Winter jewellery in 2024 felt closer to a museum exhibit than to the more casual editorial of summer. The reasons were several: the gifting cycle made jewellery as serious as it gets all year. Engagement-ring season — December produces something like a third of US proposals annually — drove the wedding-band and diamond-ring conversations through the press. NYE called for statement earrings the way no other moment in the year does. And the year-end retail data confirmed something we’d been seeing all year: jewellery was the rare luxury category that was holding strong against the prestige-beauty pullback. We spent the month at the same counters we’d spent June at, and the differences were instructive.
Engagement-ring season favored quieter wedding bands
The wedding-band conversation in December 2024 favored fluted, ridged, and otherwise quietly-textured bands over the simple polished round of years past.
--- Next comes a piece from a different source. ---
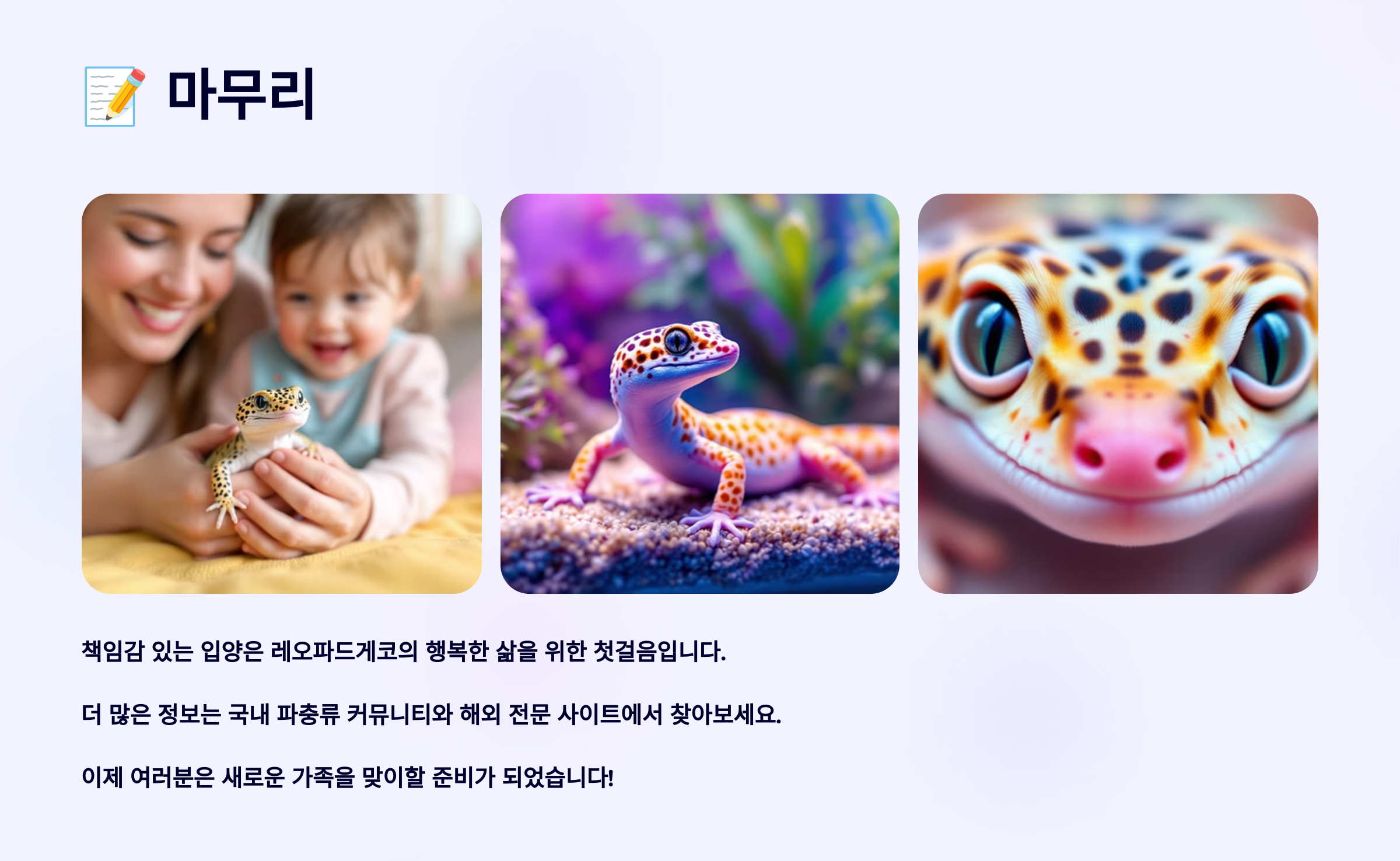 이제 레오파드게코와의 하루하루가 더 소중하고 즐거운 시간이 되기를 진심으로 응원할게요! 궁금한 게 생기면 언제든 물어봐주세요. 우리 귀요미를 위한 따뜻한 집사가 되어봅시다~ 🦎✨

Foundrae‘s Karma Cigar Band continued as the cool-girl wedding band of choice — heavy, hammered, completely free of stones, often worn alone. Anita Ko‘s eternity bands held the diamond-counterweight position. Aurate‘s mid-market lineup expanded with several new textured-band styles. The takeaway: the wedding band — once the most quietly conformist piece in the jewellery box — had finally caught up to how interesting the engagement ring had gotten.
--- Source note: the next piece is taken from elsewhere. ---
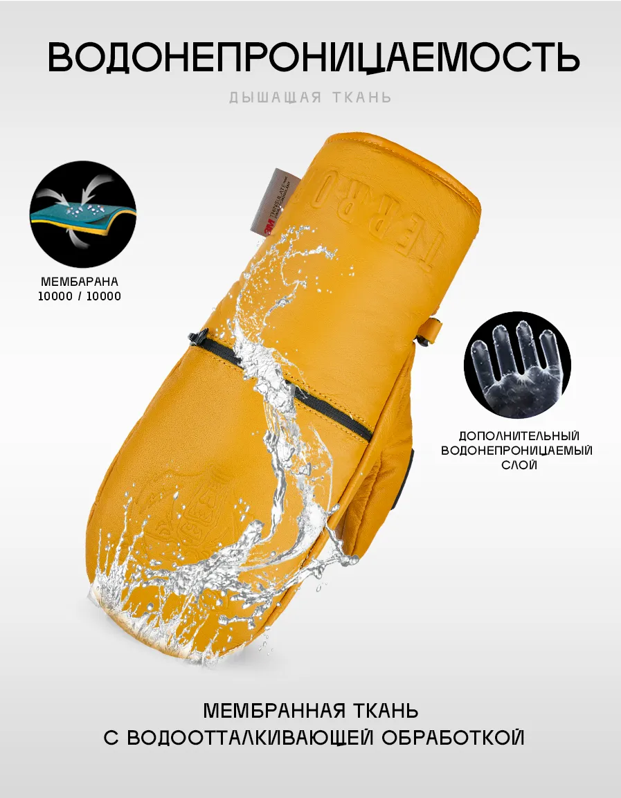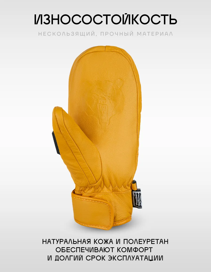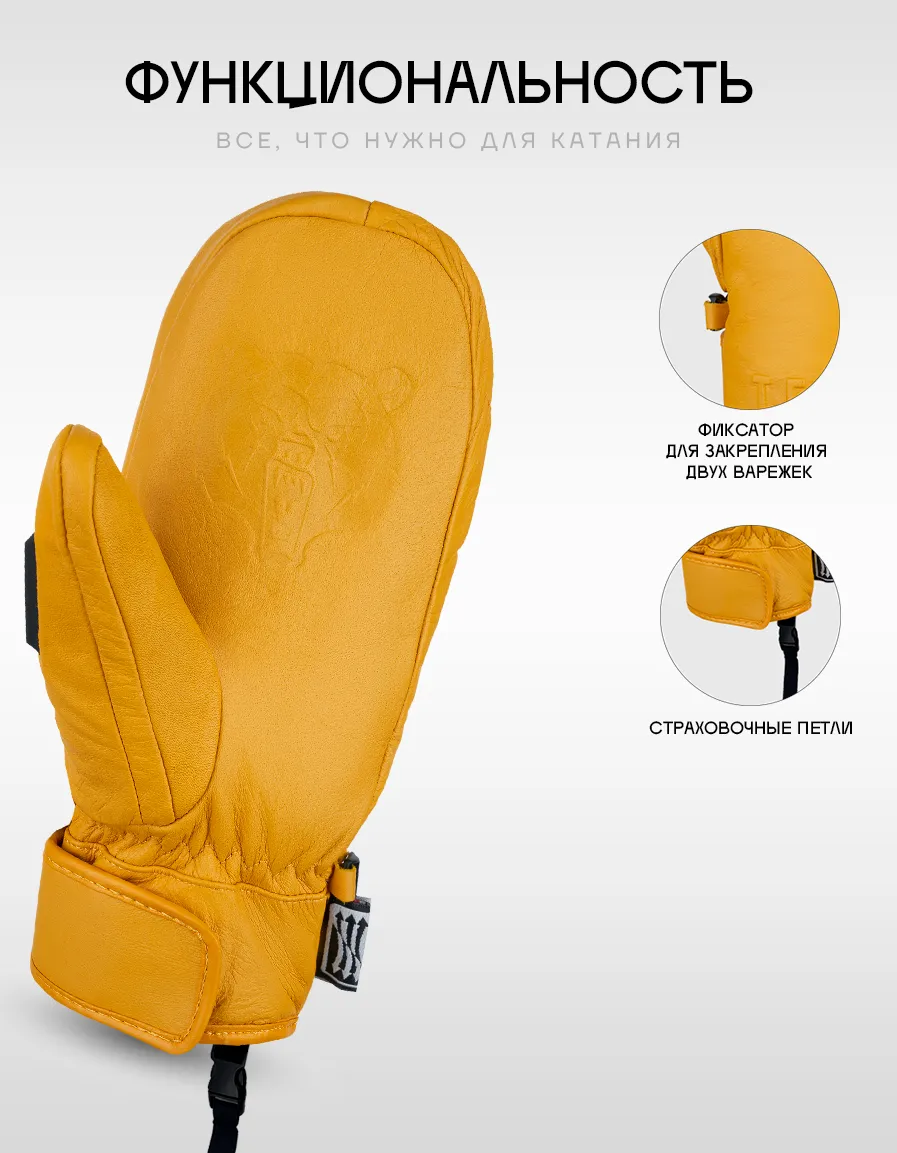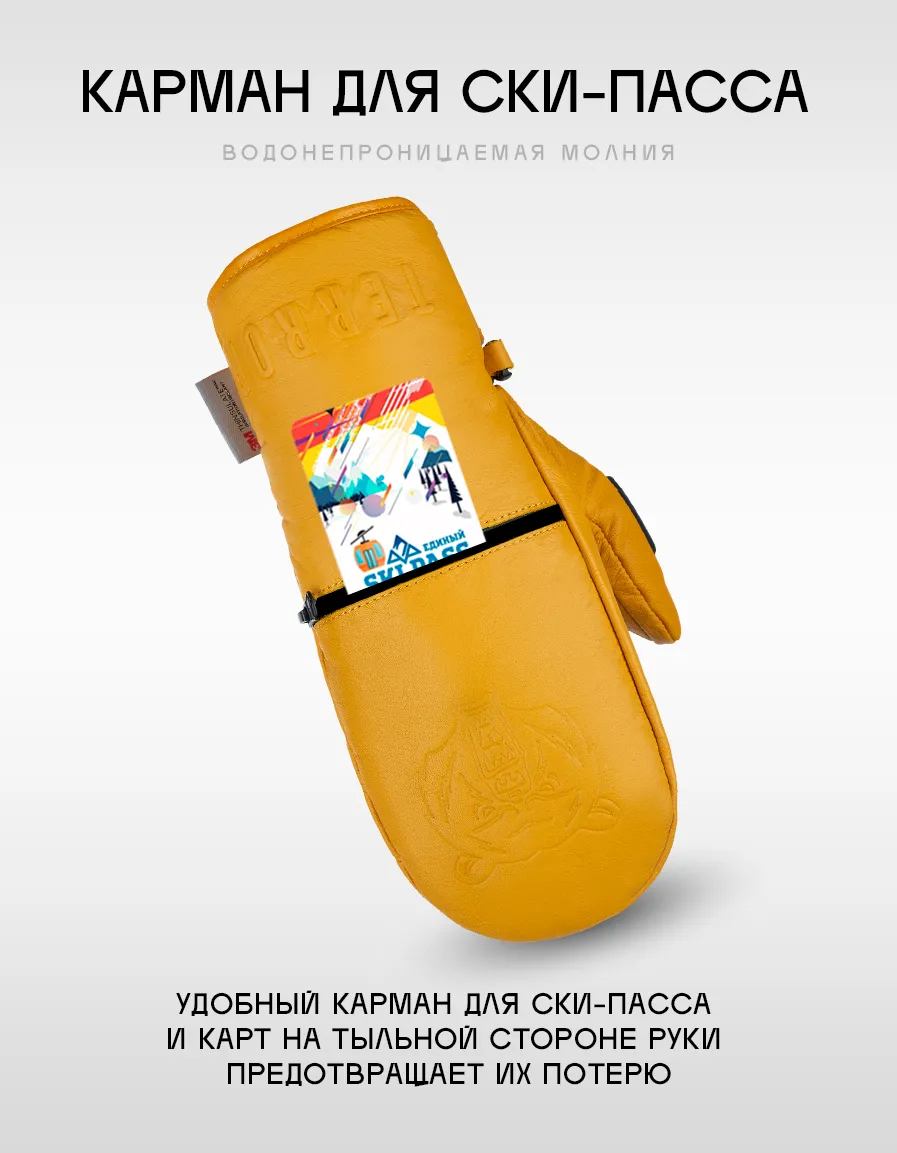 Серия варежек, сделанных из настоящей овечьей кожи: нежная, мягкая, надежная. Варежки снабжены кармашком, в который можно положить ски-пасс и с легкостью использовать для прохождения на подъемник, не вынимая из кармашка. Для удобства отчистки от обледенения или запотевания маски на большом пальце каждой варежки размещен скребок. Внутренник варежки выполнен ввиде перчатки, что придает больше комфорта и тепла.

Statement earrings reasserted for NYE
The NYE jewellery edit was a clear pivot away from the minimalist huggie hoop of the prior three Decembers. Long drop earrings, chandelier shapes, and substantial Art Deco-coded geometric pieces moved into editorial. Sophie Bille Brahe‘s pearl-and-diamond chandelier earrings were at the top of every wishlist we read. Yvonne Léon‘s tassel-style drops handled the bohemian-meets-Paris look. The takeaway: just as makeup was finally pivoting away from minimalism, jewellery’s NYE moment confirmed the broader cultural appetite for visible, considered ornamentation again.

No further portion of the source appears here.